Karl Duncker (2 February 1903, in Leipzig – 23 February 1940) was a German Gestalt psychologist. He attended Friedrich-Wilhelms-University from 1923 to 1923, and spent 1925–1926 at Clark University in Worcester, MA as a visiting professor, where he received a masters in arts degree. 
Until 1935 he was a student and assistant of the founders of Gestalt psychology in Berlin: Max Wertheimer,  Wolfgang Köhler and   Kurt Koffka.
In 1935, exiled by the Nazis, he got an assistantship in Cambridge with Frederic Charles Bartlett and later immigrated to the US, where he was again an assistant of  Wolfgang Köhler’s at Swarthmore College.  He committed suicide in 1940 at 37 years of age. He had been suffering from depression for some time and had received professional treatment.

His younger brother Wolfgang Duncker (1909–1942), a communist in exile in Moscow, was arrested in 1938 during the Great Purges and died in the Gulag. Their parents were the well-known socialist and later communist politicians and educators Hermann and Käte Duncker.

Achievements 

Duncker coined the term functional fixedness for describing the difficulties in visual perception and in problem solving that arise from the fact that one element of a whole situation already has a (fixed) function which has to be changed for making the correct perception or for finding the solution to the problem.

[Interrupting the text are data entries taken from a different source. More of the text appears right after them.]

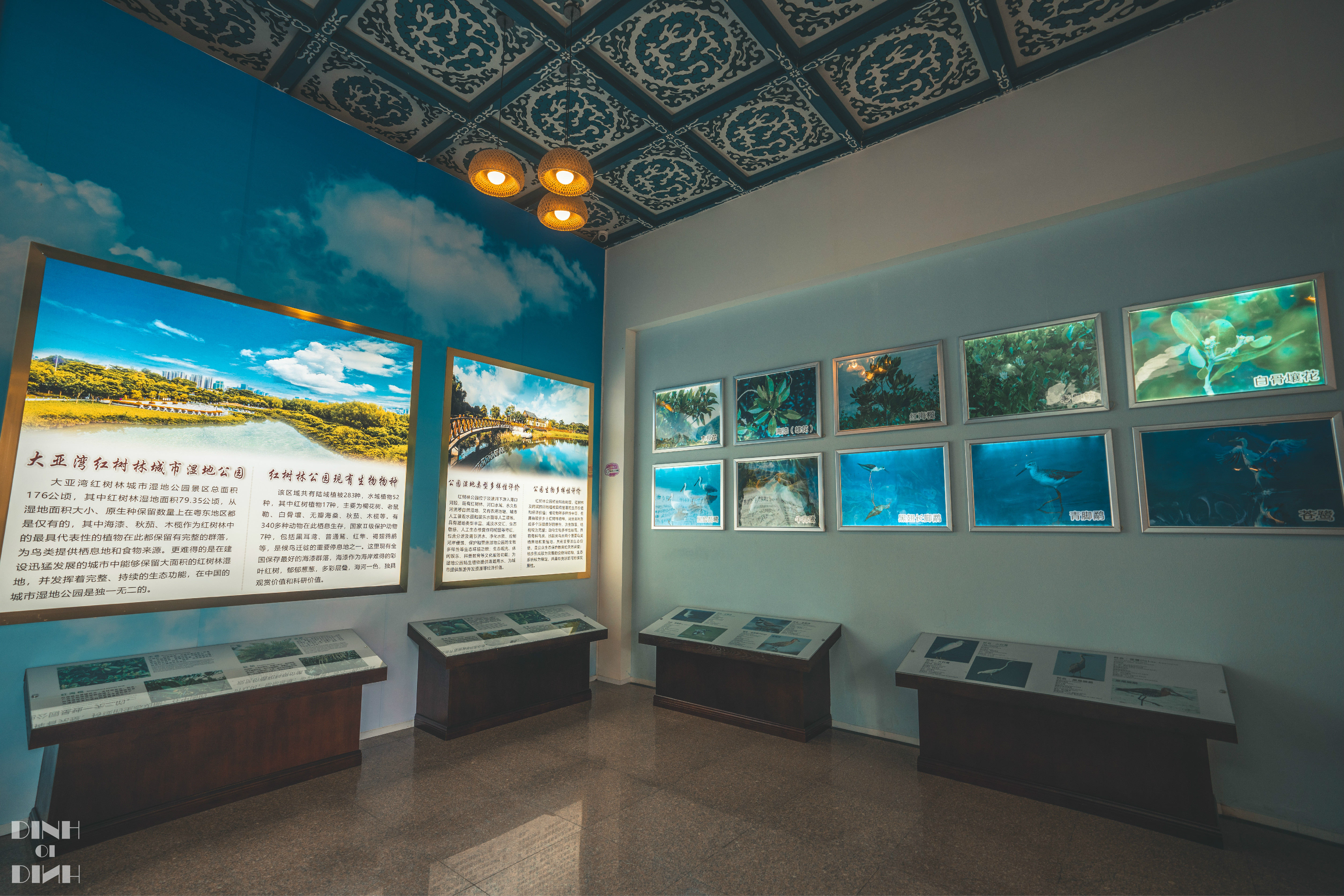 一座中式四合院的建筑,居然是红树林的科普馆。科普馆主要由两个独立的展览室和一条展示廊组成。通过标本、图片、文字、及讲解对游客普及红树林的有关知识。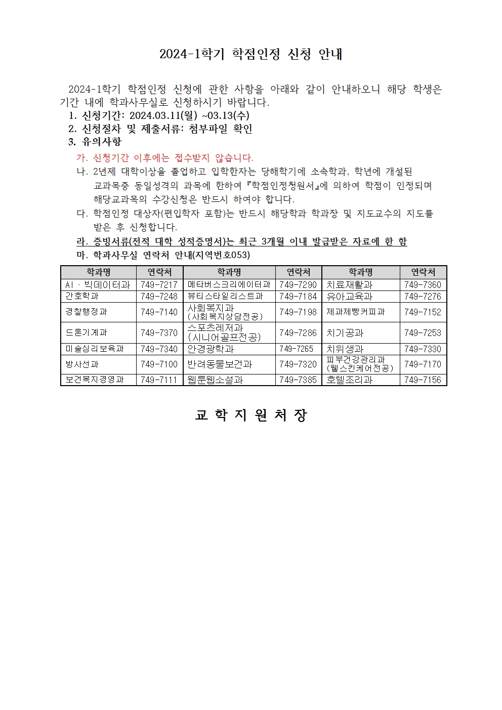 제목 2024-1학기 학점인정 신청 안내 작성자 교학지원팀 작성일 2024.02.28 첨부파일 1 붙임1 교학(학적) 2024-1학기 학점인정 신청 안내문.hwp 첨부파일 2 붙임2 학점인정청원서(2.3년제 이상 대학 졸업 및 수료자)서식.hwp 첨부파일 3 붙임3 학점인정신청서(편입생,군복무경험 등)서식.hwp 첨부파일 4 붙임4. K-MOOC강좌 학점인정 신청서 서식.hwp 목록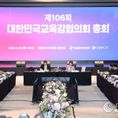 데일리연합 (SNSJTV) 김준 기자 | 대한민국교육감협의회(회장 강은희 대구광역시교육감)는 1월 29일, 경기도 성남시 더블트리바이힐튼서울판교호텔에서 제106회 총회를 개최했다. 이번 총회에서는 전국 시도교육감 및 교육청 관계자, 협의회 사무국 관계자 약 200명이 참석하여 '사립학교의 ‘공직자 이해충돌방지법’ 적용을 위한 법령 개정 건의' 등 5개 안건을 심의·의결했고, '행정통합 추진에 따른 경과 및 쟁점'에 대해 교육의제로 토의했다. 이날 심의 안건은 ▲사립학교의 ‘공직자 이해충돌방지법’ 적용을 위한 법령 개정 건의, ▲외부강의 등 요청 표준서식 마련 요구, ▲‘보호자 협조·동의 관련’ 기초학력 보장법 및 동법 시행령 개정 요청, ▲교육활동 침해 학생의 학적변동 제한을 위한 법률 개정 건의, ▲학습지원 소프트웨어 관련 초·중등교육법 개정 제안으로 모두 5개의 안건을 심의·의결했고, 지난해 12월 11일 실무협의회를 통해 전국 17개 시도교육청의 전원 합의 과정을 거쳤다. 다음으로 2개 교육청에서 우수사례를 발표했는데, ▲(경기) 시·공간 경계를 넘어 세계를 잇는 한국어교육 온라인 경기한국어랭귀지스쿨(K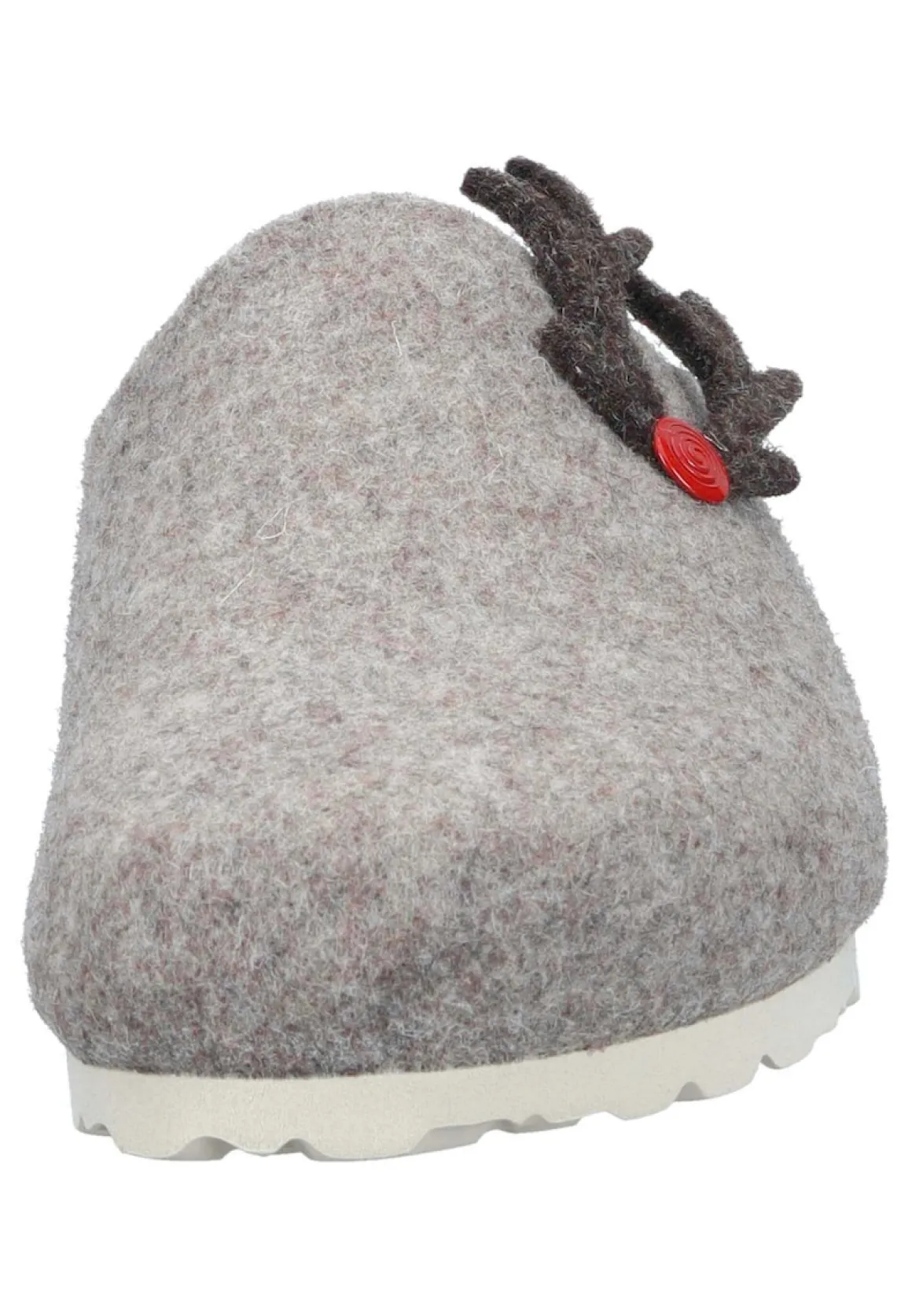 Bei diesem Produkt handelt es sich um einen Schuh aus der Kategorie Klassische Hausschuhe für Damen. Als Obermaterial wurde Wollfilz verwendet und im inneren Bereich des Schuhs wurde ungefüttert und gefütterte Decksohle verarbeitet. Die Schuhweite dieses Artikels ist Weite G und somit normal. Als Verschlussart wurde Schlupfschuh gewählt und die Leichtzellsohle rundet das Produkt ab. Der Artikel fällt normal aus, bitte die gewohnte Größe bestellen. – Schuhweite: Weite G –

In his "candle problem" the situation was defined by the objects: a candle, a box of thumb-tacks and a book of matches. The task was to fix the candles on the wall without any additional elements. The difficulty of this problem arises from the functional fixedness of the box, which originally contained thumb-tacks. It is a container in the problem situation but must be used as a shelf in the solution situation.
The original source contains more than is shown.